“El sueño de san José”

 

José fue elegido por Dios para ser el esposo para María


Aquel día en que el carpintero José vio a María, la Virgen de Nazaret, sintió tal fascinación que quedó como suspendido fuera de este mundo por un momento. La mirada inmaculada de ella, pulcra, sin malicia, libre de todo pecado se mecía sobre su exquisita sonrisa que adornaba ese rostro tan lleno de gracia. José la miró, y mientras un gran suspiro lo regresaba al mundo, meditando en su espíritu se dijo: –Es tan bella…

Volvió a su casa por el camino de siempre pero parecía no andar; sus sandalias acariciaban el suelo; la alegría se había instalado en su corazón y se asomaba por sus ojos como ventanas que miran hacia un horizonte revestido de esperanza.

José fue elegido por Dios para ser el esposo para María, y lo señaló mediante una vara de almendro que floreció en su mano cuando los sumos sacerdotes del templo de Jerusalén convocaron a los jóvenes varones de Judea para encontrar al que tomaría por esposa a la hija de Joaquín y de Ana, la doncella educada y formada en el templo en un privilegio al que pocas niñas podían aspirar.

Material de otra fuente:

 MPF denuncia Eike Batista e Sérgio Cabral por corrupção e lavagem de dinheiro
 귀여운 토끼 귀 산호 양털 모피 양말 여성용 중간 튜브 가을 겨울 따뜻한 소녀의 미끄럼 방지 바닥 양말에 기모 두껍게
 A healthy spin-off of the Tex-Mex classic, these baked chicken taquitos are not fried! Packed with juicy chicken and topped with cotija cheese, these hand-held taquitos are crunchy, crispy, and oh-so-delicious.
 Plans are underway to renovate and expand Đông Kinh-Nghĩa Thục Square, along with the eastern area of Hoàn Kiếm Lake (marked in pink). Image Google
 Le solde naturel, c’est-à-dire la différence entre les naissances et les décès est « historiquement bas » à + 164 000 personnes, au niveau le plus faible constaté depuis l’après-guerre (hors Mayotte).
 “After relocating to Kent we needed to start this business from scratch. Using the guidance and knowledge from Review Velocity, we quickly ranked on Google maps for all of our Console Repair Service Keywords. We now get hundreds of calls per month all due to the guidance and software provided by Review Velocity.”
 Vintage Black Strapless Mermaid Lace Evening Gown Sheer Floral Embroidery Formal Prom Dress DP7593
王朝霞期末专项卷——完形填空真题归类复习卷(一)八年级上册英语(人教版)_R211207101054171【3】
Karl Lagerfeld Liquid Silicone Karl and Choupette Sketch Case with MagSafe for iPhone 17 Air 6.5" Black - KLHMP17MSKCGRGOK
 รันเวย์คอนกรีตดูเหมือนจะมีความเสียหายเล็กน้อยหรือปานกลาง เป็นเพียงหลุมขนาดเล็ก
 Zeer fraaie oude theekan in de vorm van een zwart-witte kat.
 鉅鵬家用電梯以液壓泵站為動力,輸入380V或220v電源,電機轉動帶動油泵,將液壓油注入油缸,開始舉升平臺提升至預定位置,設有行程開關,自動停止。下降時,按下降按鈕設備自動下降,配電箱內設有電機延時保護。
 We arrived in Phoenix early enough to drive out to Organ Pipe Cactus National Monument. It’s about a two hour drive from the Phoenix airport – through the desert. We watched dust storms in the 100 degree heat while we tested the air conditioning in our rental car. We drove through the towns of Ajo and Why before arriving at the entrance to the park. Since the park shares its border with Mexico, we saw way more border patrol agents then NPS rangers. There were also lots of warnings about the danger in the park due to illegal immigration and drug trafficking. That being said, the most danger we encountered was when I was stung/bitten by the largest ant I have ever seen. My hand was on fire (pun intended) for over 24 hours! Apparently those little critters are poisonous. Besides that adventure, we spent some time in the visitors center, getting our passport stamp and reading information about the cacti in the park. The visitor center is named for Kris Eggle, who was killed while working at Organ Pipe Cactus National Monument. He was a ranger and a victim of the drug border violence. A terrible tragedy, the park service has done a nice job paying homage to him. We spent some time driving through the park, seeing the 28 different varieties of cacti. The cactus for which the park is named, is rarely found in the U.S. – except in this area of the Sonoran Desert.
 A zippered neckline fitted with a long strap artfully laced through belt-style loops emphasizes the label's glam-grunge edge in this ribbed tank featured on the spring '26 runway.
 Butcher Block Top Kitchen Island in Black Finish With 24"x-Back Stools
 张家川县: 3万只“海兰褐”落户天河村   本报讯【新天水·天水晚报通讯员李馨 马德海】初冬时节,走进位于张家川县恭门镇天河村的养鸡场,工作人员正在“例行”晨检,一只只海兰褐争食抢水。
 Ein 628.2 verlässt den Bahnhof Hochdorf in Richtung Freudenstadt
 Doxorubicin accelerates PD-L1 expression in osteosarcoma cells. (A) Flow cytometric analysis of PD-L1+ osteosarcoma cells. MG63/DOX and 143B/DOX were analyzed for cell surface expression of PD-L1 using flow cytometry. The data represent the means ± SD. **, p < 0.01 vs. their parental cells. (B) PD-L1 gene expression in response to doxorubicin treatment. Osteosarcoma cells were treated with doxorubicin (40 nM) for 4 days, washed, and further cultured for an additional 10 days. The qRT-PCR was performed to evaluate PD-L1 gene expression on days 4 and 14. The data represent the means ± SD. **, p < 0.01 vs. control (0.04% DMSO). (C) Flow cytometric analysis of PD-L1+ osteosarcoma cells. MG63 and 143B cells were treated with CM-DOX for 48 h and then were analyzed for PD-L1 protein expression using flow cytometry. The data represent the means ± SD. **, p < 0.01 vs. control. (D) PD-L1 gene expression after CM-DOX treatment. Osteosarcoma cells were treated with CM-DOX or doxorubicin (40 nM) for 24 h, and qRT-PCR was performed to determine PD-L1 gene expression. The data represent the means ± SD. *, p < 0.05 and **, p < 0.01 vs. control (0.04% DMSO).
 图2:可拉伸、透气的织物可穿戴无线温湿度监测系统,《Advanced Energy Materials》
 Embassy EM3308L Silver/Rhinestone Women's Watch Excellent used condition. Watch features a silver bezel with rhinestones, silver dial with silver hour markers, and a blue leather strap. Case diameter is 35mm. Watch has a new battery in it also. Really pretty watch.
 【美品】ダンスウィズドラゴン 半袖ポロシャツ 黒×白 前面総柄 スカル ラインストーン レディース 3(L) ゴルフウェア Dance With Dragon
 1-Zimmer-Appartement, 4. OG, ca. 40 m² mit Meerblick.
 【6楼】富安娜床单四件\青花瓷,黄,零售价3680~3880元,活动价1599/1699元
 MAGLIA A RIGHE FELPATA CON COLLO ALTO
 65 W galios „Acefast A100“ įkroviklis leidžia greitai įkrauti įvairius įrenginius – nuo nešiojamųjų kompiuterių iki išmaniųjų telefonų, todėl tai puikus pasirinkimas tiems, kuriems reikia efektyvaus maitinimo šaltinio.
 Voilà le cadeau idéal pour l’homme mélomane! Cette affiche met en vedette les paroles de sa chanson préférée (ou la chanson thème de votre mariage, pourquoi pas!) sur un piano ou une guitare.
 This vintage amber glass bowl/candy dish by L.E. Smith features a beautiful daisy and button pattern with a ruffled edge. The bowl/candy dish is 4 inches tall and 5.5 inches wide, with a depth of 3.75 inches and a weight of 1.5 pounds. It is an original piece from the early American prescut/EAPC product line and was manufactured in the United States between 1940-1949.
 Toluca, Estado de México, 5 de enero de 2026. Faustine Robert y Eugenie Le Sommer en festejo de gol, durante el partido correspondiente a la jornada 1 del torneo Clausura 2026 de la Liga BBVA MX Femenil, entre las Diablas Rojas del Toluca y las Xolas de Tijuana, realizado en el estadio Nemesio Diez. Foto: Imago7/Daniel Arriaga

Los desposorios judíos suponían un compromiso tan real que al prometido ya se le llamaba esposo y estaba sujeto casi a todas las responsabilidades.

Ahora, José disponía de un año para preparar la boda y la casa en la que crecería su familia, y María se dispondría a elaborar el ajuar que aportaría a su nueva casa.

Una mañana de ese año de preparativos María recibió un mensaje de Dios a través del arcángel san Gabriel.

Con alas extendidas y de rodillas ante ella, sabedor de que hablaría a la criatura que Dios había concebido en la eternidad para que fuese su propia madre, erguido y con el espíritu en alto entregó su mensaje con la mirada firme: –No temas, María, porque has hallado gracia delante de Dios; vas a concebir en el seno y vas a dar a luz un hijo a quien pondrás por nombre Jesús (Lc 1,30).

La dulce voz de la Virgen preguntó cómo sería posible que ella fuese a dar a luz un hijo cuando todavía no era esposa ni había tenido tratos con varón alguno (Lc 1,34).

El arcángel levantó los ojos para mirar a la Virgen y entregarle su respuesta con voz suave aunque envuelta en misterio: –El Espíritu Santo vendrá sobre ti y el poder del Altísimo te cubrirá con su sombra; por eso el que ha de nacer será santo y se le llamará Hijo de Dios (Lc 1,35).

La Virgen María aceptó el mensaje, sin saber cómo se haría realidad en ella aquel misterio que la sobrepasaba, y al pronunciar su respuesta se sacudieron los cielos y la mar profunda conversó por vez primera con la alta montaña, y las nubes se revistieron de colores como arcoíris que se instala en el firmamento: –He aquí la esclava del Señor; hágase en mí según tu palabra (Lc 1,38).